William Byrd (1540 – 4 July 1623)
William Byrd (1540 – 4 July 1623) was one of the most celebrated English composers of the Renaissance. His entire life was marked by contradictions, and as a true Renaissance man he cannot be easily categorised. He lived until well into the seventeenth century without writing music in the new Baroque fashion, but his superbly constructed keyboard works marked the beginning of the Baroque organ and harpsichord style.
Like so many gifted musicians in Renaissance Europe, Byrd began his career at a very early age. He almost certainly sang in the Chapel Royal during Mary Tudor's reign (1553–1558), "bred up to music under Thomas Tallis". This places him in the best choir in England during his impressionable teenage years, alongside the finest musicians of his day, who were brought in from all over the British Isles, from the Netherlands, and even from Spain and Portugal. “Bloody Mary” spent her brief reign reacting to the excesses of Protestant austerity under her predecessor Edward VI. One of the more pleasant aspects of this was her taste for elaborate Latin church music. Byrd seems to have thrived on the exuberant, creative atmosphere: one manuscript from Queen Mary's chapel includes a musical setting of a long psalm for Vespers, with eight verses each by leading court composers William Mundy and John Sheppard, and four verses by the young Byrd. They must have recognised his talent and invited him to work with them.

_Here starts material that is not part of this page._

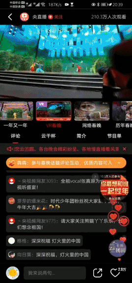 如果你通过「央视频」APP 观看,可以体验到「 VR 沉浸声」春晚直播,观众可以自由操控视频视角,听到来自身边所有方位的声音。视频与音频除了时间上的同步,还做到空间位置的同步,实现了现场级的超视听体验。
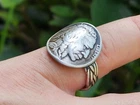 Thank you for interesting Circulated vintage Buffalo Indian nickel coin solid .925 sterling silver 6 mm wide ring band. Signet ring for 11 US size. It is Indian showing side. I can make it with Buffalo showing side if you let me know when you place an order. Comes with in nice gift box. Please check my other items I make necklaces, cuff links, and bracelets with authentic coins and customize to wrist size bracelets with genuine Buffalo Bison leather and Alligator leathers.

He was eighteen years old when Mary died and the staunchly Protestant Queen Elizabeth succeeded her. The sudden change may well have driven him away from court. He shows up again in his mid-twenties as organist and choirmaster of Lincoln Cathedral, living at 6 Minster Yard in the cathedral close. There the clergy apparently had to reprimand him for playing at excessive length during services, although he did continue to write music specifically to be played at Lincoln even after his move to London
After being named a Gentleman of the Chapel Royal in 1572, a well-paying job with considerable privileges attached to it, he moved back to London. He worked there as a singer, composer and organist for more than two decades. Just after his appointment, he and Tallis obtained a joint printing license from Queen Elizabeth. He published three collections of Latin motets or Cantiones Sacrae, one (in 1575) with the collaboration of his teacher and two (in 1589 and 1591) by himself after the older man had died. Alongside these, he brought out two substantial anthologies of music in English, Psalmes, Sonets and Songs in 1588 and Songs of Sundrie Natures in 1589. He also wrote a large amount of Anglican church music for the Chapel Royal, including such masterpieces as the ten-voice Great Service and well-known anthems such as Sing joyfully. In 1593 he moved with his family to the small village of Stondon Massey in Essex, and spent the remaining thirty years of his life there, devoting himself more and more to music for the Roman liturgy. He published his three famous settings of the Mass Ordinary between 1592 and 1595, and followed them in 1605 and 1607 with his two books of Gradualia, an elaborate year-long musical cycle. He died on July 4, 1623, and is buried in an unmarked grave in the Stondon churchyard.